What you should do »
Pull out of the data below the stretch of lines bounded by the one containing "ロビーから降りてくる曲線階段" and the one containing "Only in Australia", both bounds included, unchanged.

Task inputs »
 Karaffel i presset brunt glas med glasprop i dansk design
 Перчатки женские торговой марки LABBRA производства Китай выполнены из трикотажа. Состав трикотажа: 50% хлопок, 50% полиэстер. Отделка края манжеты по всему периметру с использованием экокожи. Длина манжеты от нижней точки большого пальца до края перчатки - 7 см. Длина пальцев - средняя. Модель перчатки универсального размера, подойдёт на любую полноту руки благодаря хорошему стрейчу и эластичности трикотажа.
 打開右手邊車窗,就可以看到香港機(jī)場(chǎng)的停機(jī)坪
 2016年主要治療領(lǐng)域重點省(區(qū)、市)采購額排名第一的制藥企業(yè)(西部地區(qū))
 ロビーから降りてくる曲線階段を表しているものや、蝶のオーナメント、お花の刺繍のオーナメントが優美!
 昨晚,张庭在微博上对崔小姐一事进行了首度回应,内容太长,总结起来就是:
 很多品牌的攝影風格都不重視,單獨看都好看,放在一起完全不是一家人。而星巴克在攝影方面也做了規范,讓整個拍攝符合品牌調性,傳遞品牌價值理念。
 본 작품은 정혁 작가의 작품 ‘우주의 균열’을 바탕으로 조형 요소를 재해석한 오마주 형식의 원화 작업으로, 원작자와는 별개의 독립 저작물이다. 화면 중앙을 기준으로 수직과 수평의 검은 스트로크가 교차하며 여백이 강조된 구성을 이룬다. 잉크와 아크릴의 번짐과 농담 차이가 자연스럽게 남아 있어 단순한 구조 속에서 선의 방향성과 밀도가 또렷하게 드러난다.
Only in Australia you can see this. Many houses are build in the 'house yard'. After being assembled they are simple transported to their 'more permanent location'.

--

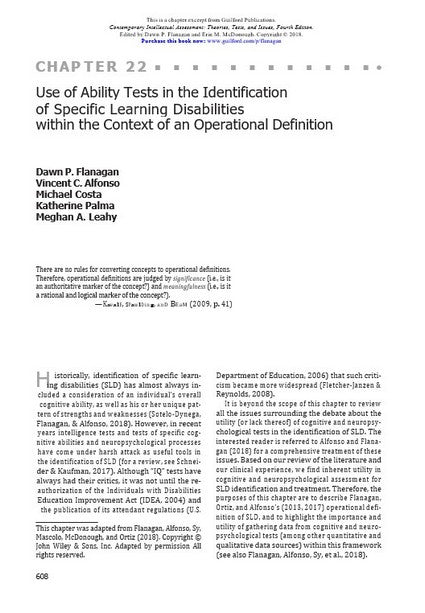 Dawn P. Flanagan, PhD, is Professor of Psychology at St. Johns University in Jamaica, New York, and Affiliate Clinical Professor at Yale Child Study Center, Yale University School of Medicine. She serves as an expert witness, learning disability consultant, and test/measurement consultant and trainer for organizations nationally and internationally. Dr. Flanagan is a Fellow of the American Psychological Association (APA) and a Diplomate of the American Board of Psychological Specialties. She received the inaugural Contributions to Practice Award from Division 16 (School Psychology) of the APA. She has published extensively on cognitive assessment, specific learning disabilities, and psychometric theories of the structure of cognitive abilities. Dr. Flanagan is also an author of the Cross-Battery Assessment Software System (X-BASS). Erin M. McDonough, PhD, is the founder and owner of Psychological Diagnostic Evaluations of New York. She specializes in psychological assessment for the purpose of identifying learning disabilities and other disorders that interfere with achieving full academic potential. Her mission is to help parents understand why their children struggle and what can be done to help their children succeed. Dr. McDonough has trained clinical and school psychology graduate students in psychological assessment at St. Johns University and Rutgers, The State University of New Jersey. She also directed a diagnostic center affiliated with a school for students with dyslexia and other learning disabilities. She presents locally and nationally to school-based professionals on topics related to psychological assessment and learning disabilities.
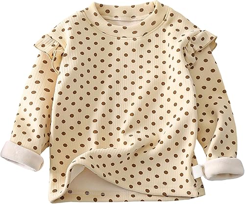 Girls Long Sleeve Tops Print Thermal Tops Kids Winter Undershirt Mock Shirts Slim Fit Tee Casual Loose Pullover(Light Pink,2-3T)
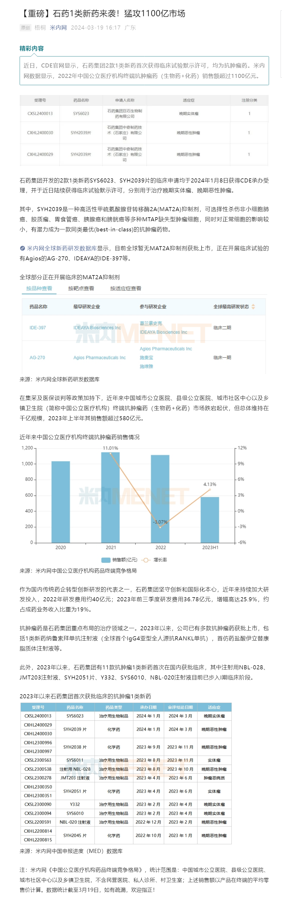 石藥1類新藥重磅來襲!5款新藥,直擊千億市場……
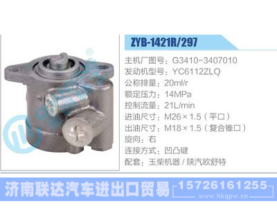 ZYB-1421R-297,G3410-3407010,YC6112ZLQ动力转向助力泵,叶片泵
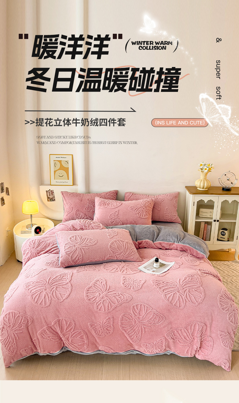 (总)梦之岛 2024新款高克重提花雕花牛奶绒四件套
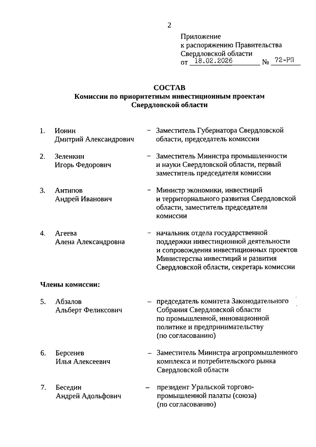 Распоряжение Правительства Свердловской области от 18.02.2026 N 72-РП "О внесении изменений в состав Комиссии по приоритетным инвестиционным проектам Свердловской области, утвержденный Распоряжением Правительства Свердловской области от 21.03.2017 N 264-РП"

--

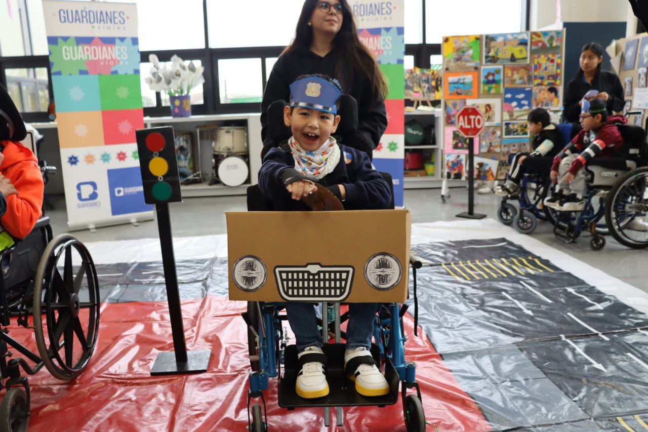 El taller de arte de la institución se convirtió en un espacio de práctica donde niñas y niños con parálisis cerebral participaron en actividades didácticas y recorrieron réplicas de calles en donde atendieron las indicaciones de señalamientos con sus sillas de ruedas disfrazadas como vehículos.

Reply »
 ロビーから降りてくる曲線階段を表しているものや、蝶のオーナメント、お花の刺繍のオーナメントが優美!
 昨晚,张庭在微博上对崔小姐一事进行了首度回应,内容太长,总结起来就是:
 很多品牌的攝影風格都不重視,單獨看都好看,放在一起完全不是一家人。而星巴克在攝影方面也做了規范,讓整個拍攝符合品牌調性,傳遞品牌價值理念。
 본 작품은 정혁 작가의 작품 ‘우주의 균열’을 바탕으로 조형 요소를 재해석한 오마주 형식의 원화 작업으로, 원작자와는 별개의 독립 저작물이다. 화면 중앙을 기준으로 수직과 수평의 검은 스트로크가 교차하며 여백이 강조된 구성을 이룬다. 잉크와 아크릴의 번짐과 농담 차이가 자연스럽게 남아 있어 단순한 구조 속에서 선의 방향성과 밀도가 또렷하게 드러난다.
Only in Australia you can see this. Many houses are build in the 'house yard'. After being assembled they are simple transported to their 'more permanent location'.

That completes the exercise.